In dieser Sendung München tut gut tauchen wir tief in die Welt des Waldbadens ein. Wir begleiten eine Gruppe, die von Dr. Melanie H. Adamek (Wald-Gesundheitsexpertin) und Sabine Oberg (Psychologin und Waldtherapeutin), beide vom IM-WALD-SEIN® Instituts für Waldmedizin und Waldtherapie, angeleitet wird. Es geht allerdings nicht darum, etwas ‚richtig‘ zu machen… Denn Waldbaden ist intuitiv! Von Melanie und Sabine bekommen wir Impulse, wie wir uns besser auf den Wald einlassen können und Übungen, die jeder auch zu selbst nachmachen kann. Gemeinsam erforschen wir, ob der Aufenthalt im Wald tatsächlich Stress abbauen und das Immunsystem stärken kann. Auf jeden Fall eine besondere Naturerfahrung, die unserem Körper, Geist und Seele guttut.

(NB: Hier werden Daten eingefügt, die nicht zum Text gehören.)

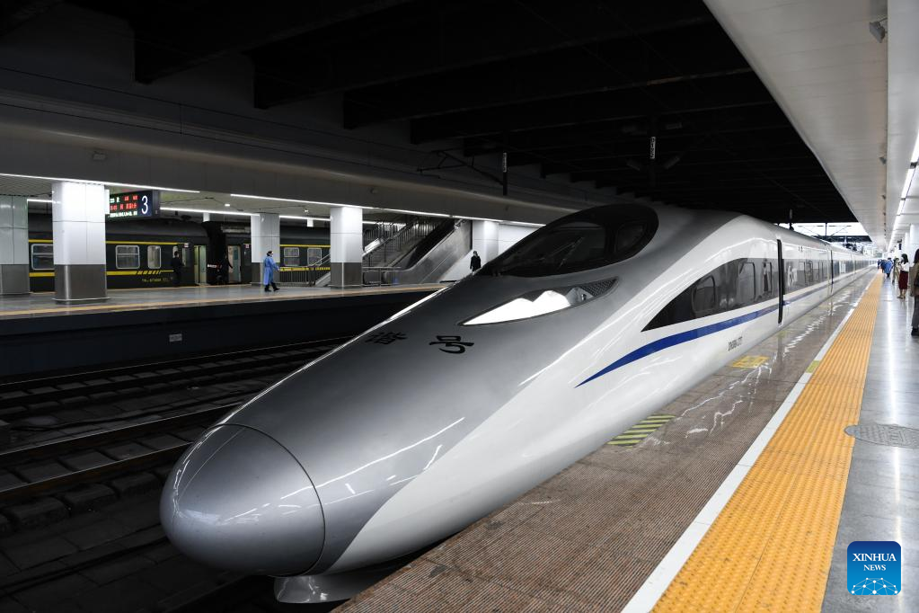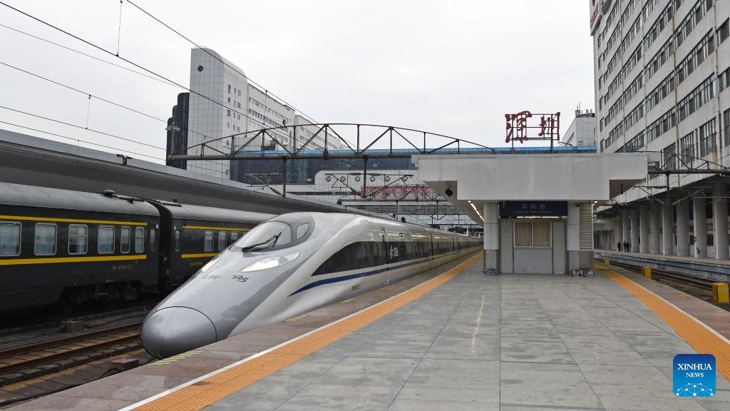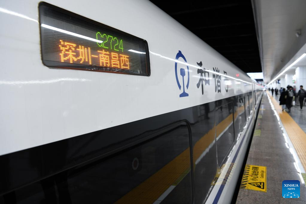 Train G2724 bound for Nanchang in east China's Jiangxi Province departs at Shenzhen Railway Station in Shenzhen, south China's Guangdong Province, Jan. 10, 2022. Train G2724 departed from the Shenzhen Railway Station on Monday which marks the departure of the first high-speed railway train from the century-old station. (Xinhua/Liang Xu)
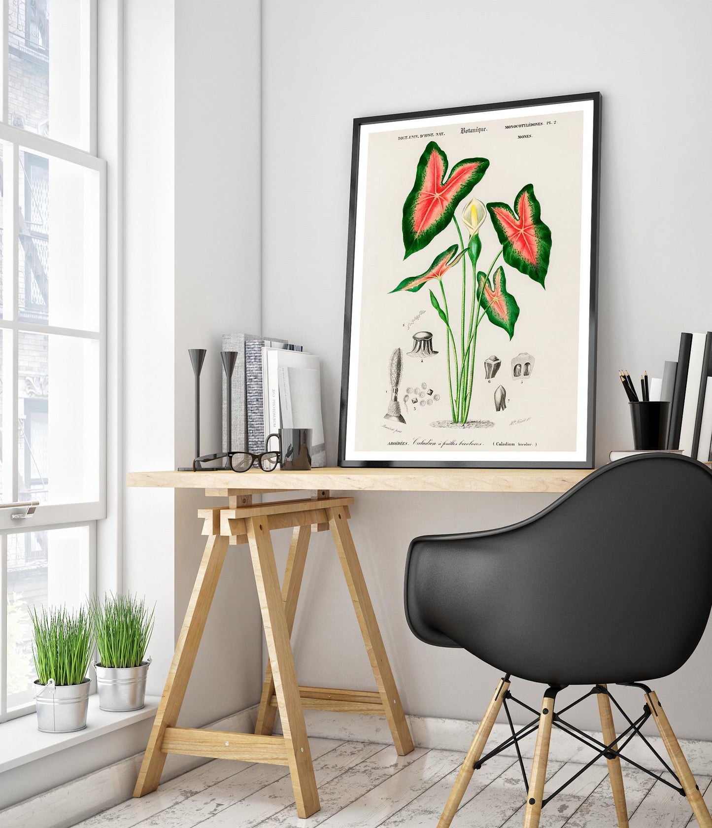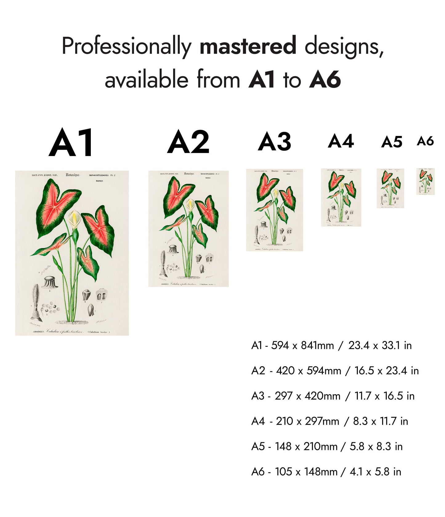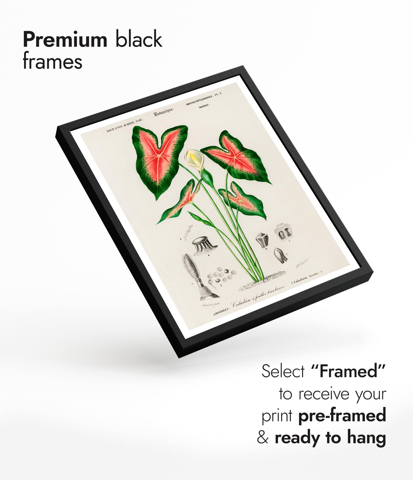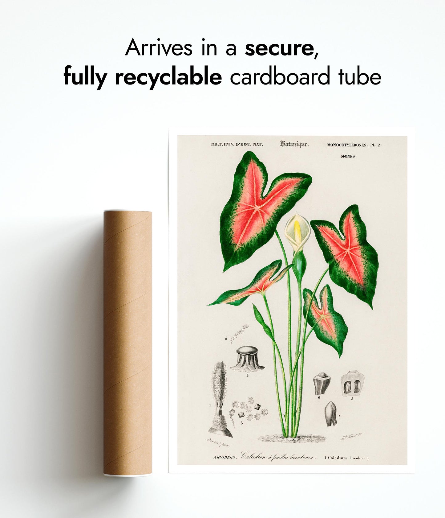 This vintage botanical poster titled "Elephant Ears" by Charles D'Orbigny depicts the intricate details of Caladium bicolour. Featuring vibrant green leaves with striking red veining, the classic illustration style highlights the plant's natural beauty. Perfect for nature enthusiasts, this botanical print brings a touch of timeless elegance to any space. Ideal for those seeking vintage, plant-themed wall art.

Waldbaden bietet eine ganzheitliche Möglichkeit, Körper und Geist zu pflegen und kann der erste Schritt zu einer besseren Gesundheitsvorsorge sein. Im Gegensatz zu einem Spaziergang oder einer Wanderung geht es nicht darum, von A nach B zu gelangen, also etwas zu TUN, sondern nur darum, HIER zu SEIN.
Der Begriff „Waldbaden“ beschreibt eine zwanglose Erfahrung unter Bäumen, ein individuell praktiziertes Wald-Gesundheitstraining zur persönlichen Gesundheitsvorsorge. Der deutsche Begriff leitet sich vom japanischen „Shinrin Yoku“ ab. Shinrin bedeutet Wald und Yoku baden im Sinne von Eintauchen. Damit bezeichnet Waldbaden die Praxis, in den Wald und die Natur einzutauchen und eine sensorisch-sinnliche Verbindung zur Natur herzustellen.
Wir erkunden den Wald bei einem genussvollen Waldaufenthalt mit allen Sinnen. Wir atmen die Waldluft ein und bauen mithilfe der besonderen Waldatmosphäre Stress ab, beugen Krankheiten vor und können bestimmte Krankheitsbilder verbessern. Besonders interessant ist, dass wir neben den fünf Sinnen, die allen wohlbekannt sind, auch weitere Sinne aktivieren und kultivieren können.
Ich spreche bewusst lieber vom „Im-Wald-Sein“. „Im-Wald-Sein“ ist ein Begriff, der das Shinrin Yoku um den Fokus der Gegenwärtigkeit und des Gewahrseins erweitert. Denn es geht um das SEIN und das So-Sein-Dürfen, wie man ist. Indem man im Wald präsent ist, sich auf seine Atmosphäre einlässt, ihn wahrnimmt und auch wahrnimmt, was der Wald mit einem macht, erreicht man, ohne es anzustreben, äußere, innere und relationale Achtsamkeit – und als Folge eine wichtige Grundvoraussetzung für Resilienz, Stressabbau und Entspannung.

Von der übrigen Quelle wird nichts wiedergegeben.